Thanks Jeff for reviewing it. I've posted the latest v7 patch-set
upthread [1] which is having more simple-yet-useful-and-effective
functions.

> * Don't issue WARNINGs or other messages for ordinary situations, like
> when pg_get_wal_records_info() hits the end of WAL.

v7 patch-set [1] has no warnings, but the functions will error out if
future LSN is specified.

> * It feels like the APIs that allow waiting for the end of WAL are
> slightly off. Can't you just do pg_get_wal_records_info(start_lsn,
> least(pg_current_wal_flush_lsn(), end_lsn)) if you want the non-waiting
> behavior?

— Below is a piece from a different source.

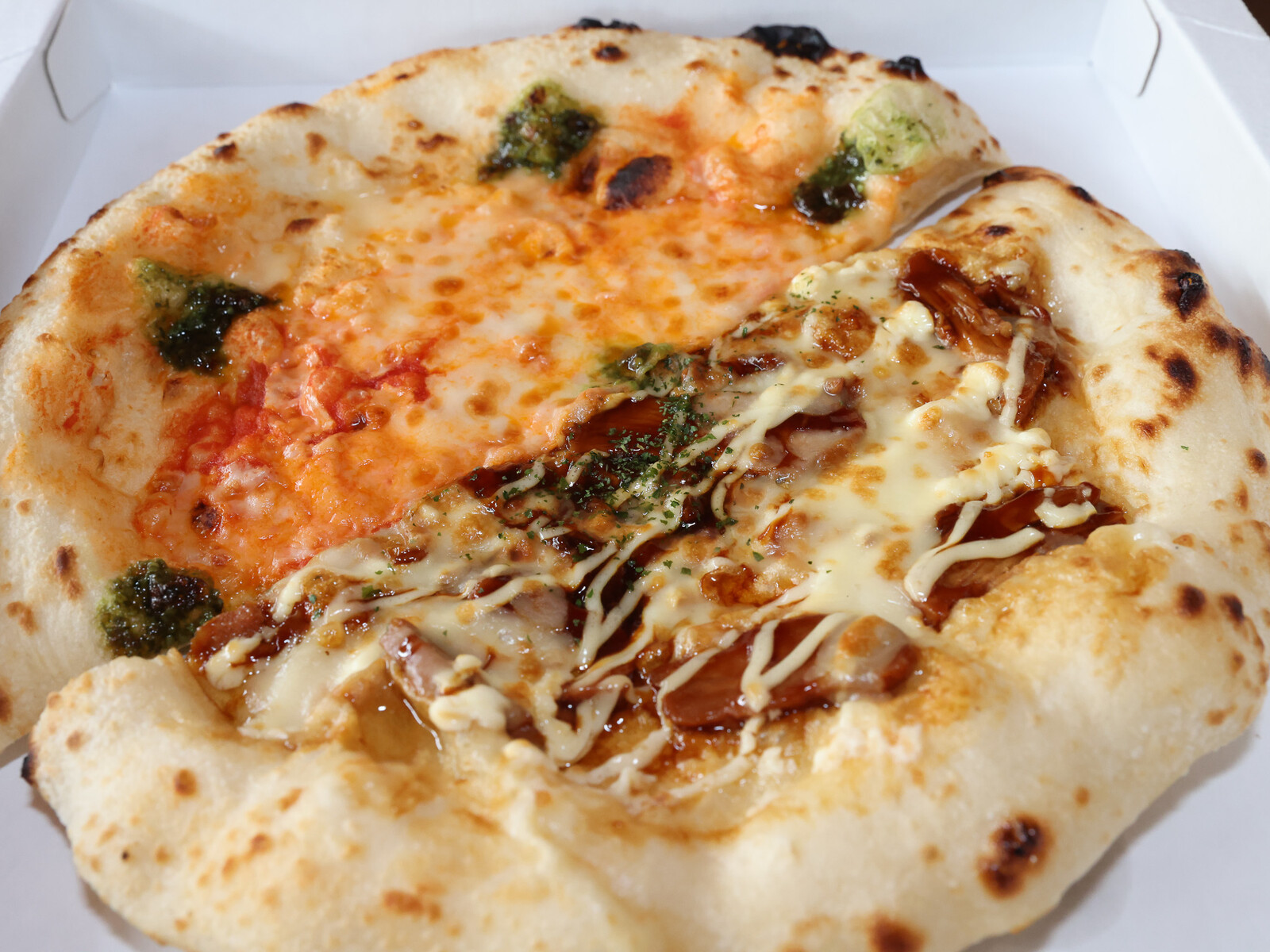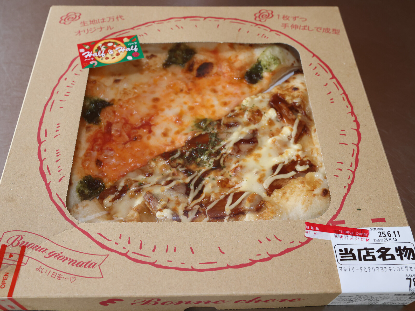 こちらは、2種類のピザが1枚分入っているバージョンですが、他にもマルゲリータやエビの入りバージョンもあって、選ぶのも楽しいです。

Try to make the API more orthogonal, where a few basic
> functions can be combined to give you everything you need, rather than
> specifying extra parameters and issuing WARNINGs. I

v7 patch-set [1] onwards waiting mode has been removed for all of the
functions, again to keep things simple-yet-useful-and-effective.
However, we can always add new pg_walinspect functions that wait for
future WAL in the next versions once basic stuff gets committed and if
many users ask for it.

> * In the docs, include some example output. I don't see any output in
> the tests, which makes sense because it's mostly non-deterministic, but
> it would be helpful to see sample output of at least
> pg_get_wal_records_info().

+1. Added for pg_get_wal_records_info and pg_get_wal_stats.

> * Is pg_get_wal_stats() even necessary, or can you get the same
> information with a query over pg_get_wal_records_info()? For instance,
> if you want to group by transaction ID rather than rmgr, then
> pg_get_wal_stats() is useless.

Yes, you are right pg_get_wal_stats provides WAL stats per resource
manager which is similar to pg_waldump with --start, --end and --stats
option. It provides more information than pg_get_wal_records_info and
is a good way of getting stats than adding more columns to
pg_get_wal_records_info, calculating percentage in sql and having
group by clause. IMO, pg_get_wal_stats is more readable and useful.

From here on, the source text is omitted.